I was still tingling all our journey to the junction. I would not have wanted Celia to like me, she was so polluted by this world of masculinity. It now seemed not so absurd to me that the Victorians had taken women who had slept with men to whom they were not married and shut them up in rescue homes. Marriage, inviolate marriage was the only way by which the traffic between men and women could be rendered tolerable. If two people went to a church in festive dress and took part in a pretty rite in the presence of their friends, and then shared the same house and always went about together, then one could think of these public things as all that was happening. But women like Celia forced the most reluctant mind to follow them to the private horror of their pollution. Why did she leave Oliver? To go into a room with Jasperl. Why? You know, you cannot help but know. It is the ugliest thing for a woman to know, for such pollution spoils women to the destruction of their essence, they become rubbish. Celia must have become rubbish when she had confused her life with Oliver and Jasperl, and though I would have thought it could do nobody much harm to be with Oliver, the germ of Jasperl was in Oliver, for Jasperl’s offence was to have carried masculinity to its logical conclusion. All this rank stuff, that made one remember stenches, must end in wickedness. Not only had Oliver brought Celia into the orbit of masculinity and thus been responsible for all she had done there, he had chosen to wrestle with Jasperl, to be smeared with the shine of what was worst in himself carried to a worse stage by a man with a worse self than him. He was not internally vile like Jasperl but he was now externally defiled.
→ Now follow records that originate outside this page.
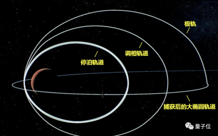 首先是被火星引力捕捉进入大椭圆轨道,然后进行数次调整,最终进入停泊轨道,连续绕火飞行。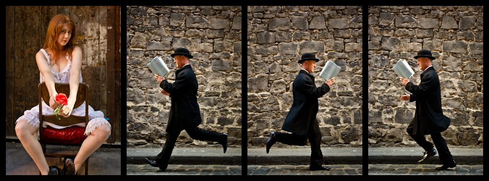 Pearn has selected for Ulysses Prestissimo a strong team, and the play has been in rehearsal for some months. His process of casting is meticulous and once in place, the actors undergo a grueling but exhilarating process of internalising their characters. Some are actors returning to Bloomsday for their third or fourth or even fifth immersion in Joyce, so they are quite experienced – like Drew Tingwell, Debra Low, Silas James, Liam Gillespie and Gerry Halliday. The newcomers – Catherine Kohlen, Leeanne Cairnduff, Steven Dawson and Chris Boek – are able to profit from the depth of understanding of the serial Bloomsday Players. It’s been fascinating to watch what actors bring to the staging of the play: Steven Dawson has a long history of working in comedy and will chance his arm at anything exuberant, and is drawing on his background in Wildean comedy to give us Buck Mulligan, and in some other mysterious part of himself, in rendering the cross-gender Bella/Bello. Debra Low, as in Seven Ages, is exploring a number of cameos which allow her to showcase and strut her best physical theatre and clowning repertoire. Leanne Cairnduff, like many of the women characters in this show, which is heavily weighted as is the novel, towards men, is finding her inner manliness, in particular as The Citizen, and Chris Boek is called upon to be Blazes Boylan, cad and roué, as well as a range of gentleman-scholar types. The multiplying of cameos in this show is a good testing ground for actors’ skills. The leading lady, Catherine Kohlen, who plays both the inhibited Gerty and her polar opposite, the Mediterranean Molly, gets also to play a few men. As Molly, she is canny and wily, but also winning. Actors report that playing Joyce is undoubtedly as difficult as playing Shakespeare, and as rewarding.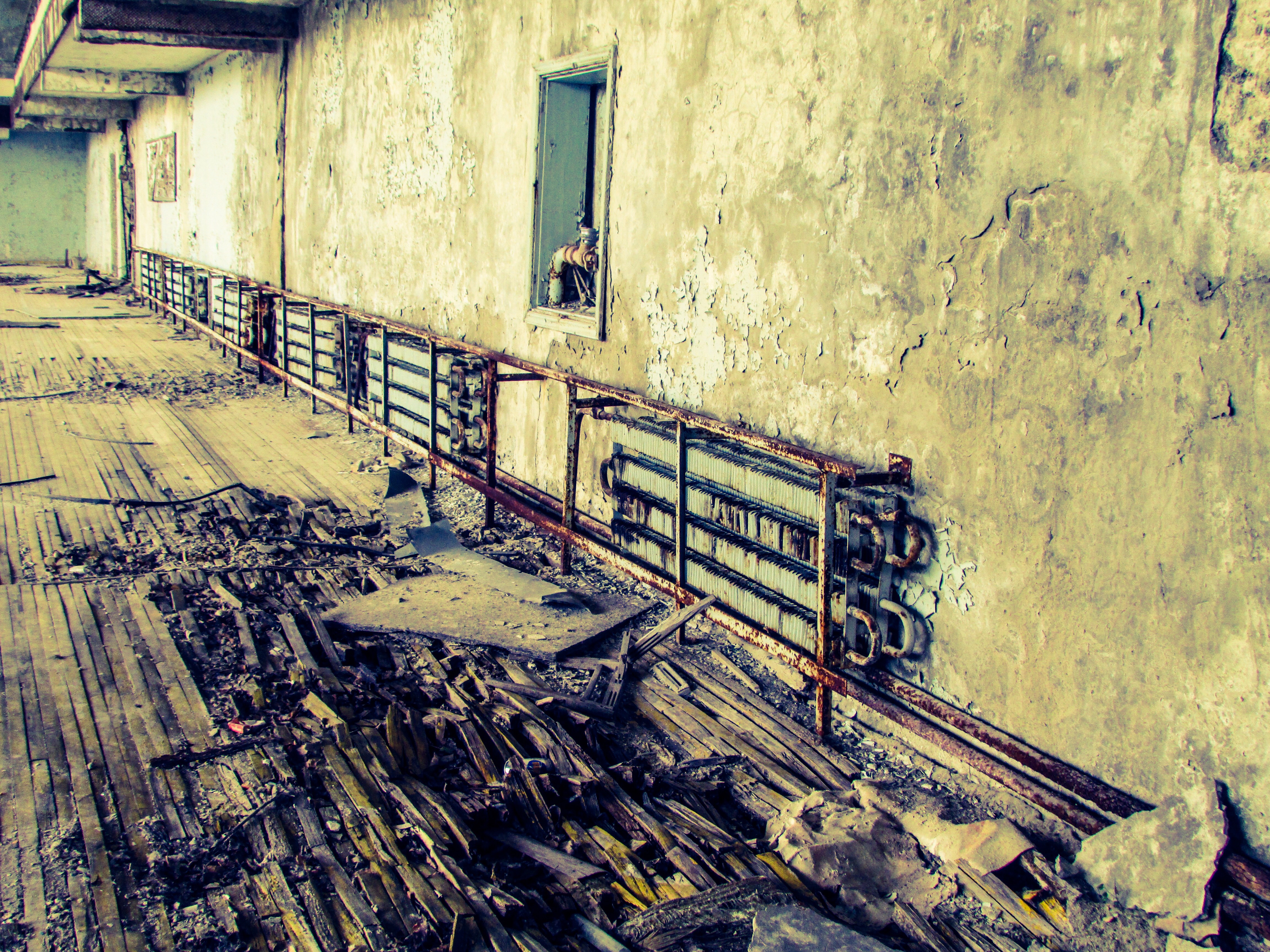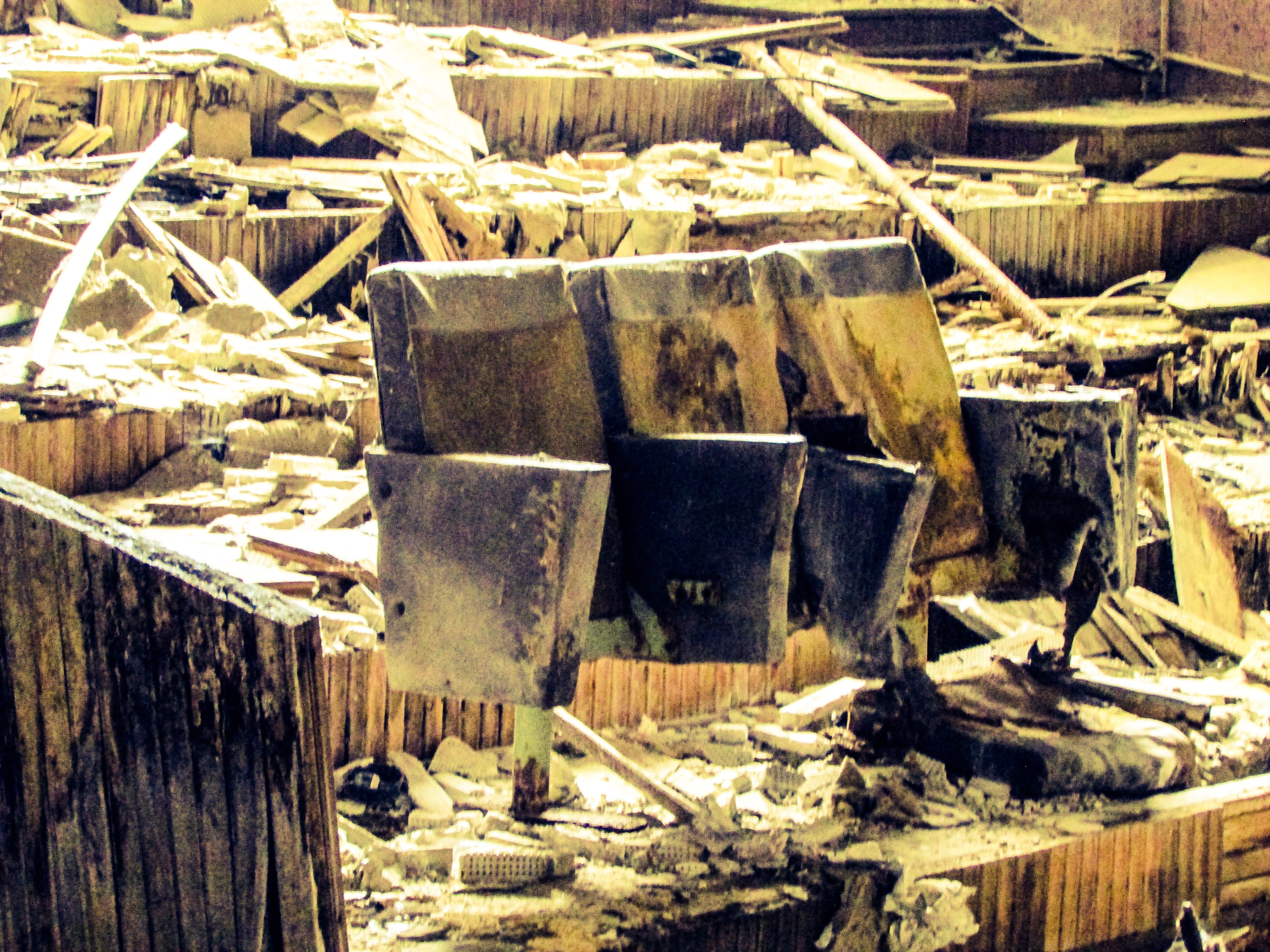 Inne i bygningen er det meste ødelagt av vær og vind gjennom 29 år. Vintertemperaturer på minus 30 og like mange plussgrader om sommeren har gjort sitt med bygningen.

I sat back in my corner-seat and shut my eyes and pretended I had gone to sleep. It was all right, for Oliver was quite happy talking to Avis. It would be a good thing if he married her. His kindness would help her solve the difficulties of her genius, and he would have something else to think about than Celia and Jasperl. The coarseness in Avis, her greasy skin and her greedy over-anxiety about her career, made me not regret it if she married, as I would (I now realised for the first time) have regretted it if Mary had got married.
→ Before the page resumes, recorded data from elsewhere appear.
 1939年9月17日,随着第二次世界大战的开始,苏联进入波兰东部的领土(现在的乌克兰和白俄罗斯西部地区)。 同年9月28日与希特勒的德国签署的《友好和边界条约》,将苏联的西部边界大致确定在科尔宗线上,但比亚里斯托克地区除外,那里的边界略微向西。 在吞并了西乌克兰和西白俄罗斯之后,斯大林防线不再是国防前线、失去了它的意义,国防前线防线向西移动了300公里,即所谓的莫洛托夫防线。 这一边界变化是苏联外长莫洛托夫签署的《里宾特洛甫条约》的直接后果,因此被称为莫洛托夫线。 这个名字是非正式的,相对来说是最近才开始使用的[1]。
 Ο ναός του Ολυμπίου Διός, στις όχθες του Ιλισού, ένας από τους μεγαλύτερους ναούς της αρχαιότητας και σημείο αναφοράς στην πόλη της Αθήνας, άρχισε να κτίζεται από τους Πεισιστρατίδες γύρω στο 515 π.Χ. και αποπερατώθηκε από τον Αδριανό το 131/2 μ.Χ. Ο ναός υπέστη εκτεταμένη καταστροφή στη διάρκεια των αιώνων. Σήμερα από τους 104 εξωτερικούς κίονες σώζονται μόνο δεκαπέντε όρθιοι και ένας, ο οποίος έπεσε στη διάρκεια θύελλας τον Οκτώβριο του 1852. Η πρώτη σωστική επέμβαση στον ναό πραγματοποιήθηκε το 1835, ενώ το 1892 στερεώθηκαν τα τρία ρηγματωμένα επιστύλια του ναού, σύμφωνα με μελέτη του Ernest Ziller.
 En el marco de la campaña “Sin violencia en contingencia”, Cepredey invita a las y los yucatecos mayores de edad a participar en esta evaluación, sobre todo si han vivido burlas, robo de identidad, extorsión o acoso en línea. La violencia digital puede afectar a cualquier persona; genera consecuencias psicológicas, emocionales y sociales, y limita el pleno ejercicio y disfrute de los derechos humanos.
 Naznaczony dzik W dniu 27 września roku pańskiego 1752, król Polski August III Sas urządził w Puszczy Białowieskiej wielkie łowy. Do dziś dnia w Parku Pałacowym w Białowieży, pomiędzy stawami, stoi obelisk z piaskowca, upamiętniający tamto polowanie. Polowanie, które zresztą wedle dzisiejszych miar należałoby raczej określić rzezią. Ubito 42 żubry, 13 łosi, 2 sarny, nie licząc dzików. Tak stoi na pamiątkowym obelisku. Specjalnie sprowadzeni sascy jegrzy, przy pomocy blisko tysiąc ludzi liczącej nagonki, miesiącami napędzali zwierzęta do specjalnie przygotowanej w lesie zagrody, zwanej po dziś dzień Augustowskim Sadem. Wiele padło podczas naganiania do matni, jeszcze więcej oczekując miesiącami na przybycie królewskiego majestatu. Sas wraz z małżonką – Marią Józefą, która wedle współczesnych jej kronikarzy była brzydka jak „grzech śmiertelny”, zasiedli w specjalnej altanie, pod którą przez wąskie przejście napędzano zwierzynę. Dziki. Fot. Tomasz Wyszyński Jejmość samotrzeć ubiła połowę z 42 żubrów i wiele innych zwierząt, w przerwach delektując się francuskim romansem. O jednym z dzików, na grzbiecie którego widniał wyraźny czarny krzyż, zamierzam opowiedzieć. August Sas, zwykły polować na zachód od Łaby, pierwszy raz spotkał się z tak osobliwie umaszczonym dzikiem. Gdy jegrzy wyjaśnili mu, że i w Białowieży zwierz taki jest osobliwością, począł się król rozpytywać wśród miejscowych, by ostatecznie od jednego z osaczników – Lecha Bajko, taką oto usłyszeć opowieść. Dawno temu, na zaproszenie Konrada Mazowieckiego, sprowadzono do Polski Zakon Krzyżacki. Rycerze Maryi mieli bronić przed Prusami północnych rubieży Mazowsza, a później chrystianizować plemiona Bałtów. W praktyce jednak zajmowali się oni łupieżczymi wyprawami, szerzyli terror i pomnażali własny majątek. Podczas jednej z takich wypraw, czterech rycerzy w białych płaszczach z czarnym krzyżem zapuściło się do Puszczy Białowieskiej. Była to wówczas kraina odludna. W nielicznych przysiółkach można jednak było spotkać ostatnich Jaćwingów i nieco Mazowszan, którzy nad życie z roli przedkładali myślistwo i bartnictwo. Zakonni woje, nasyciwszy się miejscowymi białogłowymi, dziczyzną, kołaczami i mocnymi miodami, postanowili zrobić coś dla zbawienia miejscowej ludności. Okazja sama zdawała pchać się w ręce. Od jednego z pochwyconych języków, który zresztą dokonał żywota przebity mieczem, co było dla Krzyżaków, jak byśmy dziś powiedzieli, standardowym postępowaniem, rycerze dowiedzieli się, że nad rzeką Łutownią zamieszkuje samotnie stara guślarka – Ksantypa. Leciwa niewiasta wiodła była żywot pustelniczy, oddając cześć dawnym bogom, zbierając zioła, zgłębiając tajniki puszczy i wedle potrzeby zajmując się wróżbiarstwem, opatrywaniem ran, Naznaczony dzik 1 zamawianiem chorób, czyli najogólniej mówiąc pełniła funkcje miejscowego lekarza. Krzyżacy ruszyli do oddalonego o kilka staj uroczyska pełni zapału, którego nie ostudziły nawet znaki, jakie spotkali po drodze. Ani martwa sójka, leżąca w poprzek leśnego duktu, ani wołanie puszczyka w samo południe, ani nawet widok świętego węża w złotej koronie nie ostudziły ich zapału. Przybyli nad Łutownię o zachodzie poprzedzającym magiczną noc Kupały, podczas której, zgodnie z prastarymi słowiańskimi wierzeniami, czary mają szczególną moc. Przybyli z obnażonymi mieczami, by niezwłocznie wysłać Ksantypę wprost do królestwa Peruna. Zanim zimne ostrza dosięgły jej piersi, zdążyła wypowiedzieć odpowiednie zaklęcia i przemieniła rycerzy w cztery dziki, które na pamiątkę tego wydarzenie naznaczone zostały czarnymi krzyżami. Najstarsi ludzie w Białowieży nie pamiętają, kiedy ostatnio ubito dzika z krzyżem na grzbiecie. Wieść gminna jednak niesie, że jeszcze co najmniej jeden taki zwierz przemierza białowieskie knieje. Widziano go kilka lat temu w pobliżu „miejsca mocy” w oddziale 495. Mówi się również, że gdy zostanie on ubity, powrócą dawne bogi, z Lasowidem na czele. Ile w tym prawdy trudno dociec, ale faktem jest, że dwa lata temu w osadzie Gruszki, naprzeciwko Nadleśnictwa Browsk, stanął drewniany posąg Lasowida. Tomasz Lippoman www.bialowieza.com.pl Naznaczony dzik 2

Oliver said, ‘Rose, we are running into the junction.’ I did not open my eyes. I feared he might touch me, and my body stiffened in an agony that was not allayed when he did nothing of the sort. Simply he said, ‘Rose, poor Rose, you are so tired, but you must wake up.’ In spite of my violent disgust I was delighted with the words as if they had a specially intricate rhythm; yet of course they had none.

The Reading train was in the station, but it did not start at once. I had to spend some time standing at the window and looking down at Avis and Oliver, in a state of embarrassment because they were plainly so disappointed at my departure. This was new for me. I always wanted people more than they wanted me. It was my great sorrow that so few of all the men and women I met sought to be close to me. Evidently, this was something that happened as one got older. Of course I did not enjoy the act of rejection, but I knew it was inevitable, I was glad I had the strength to perform it. I belonged to others, to a small group that was forever complete and closed. These two people could mean nothing to me.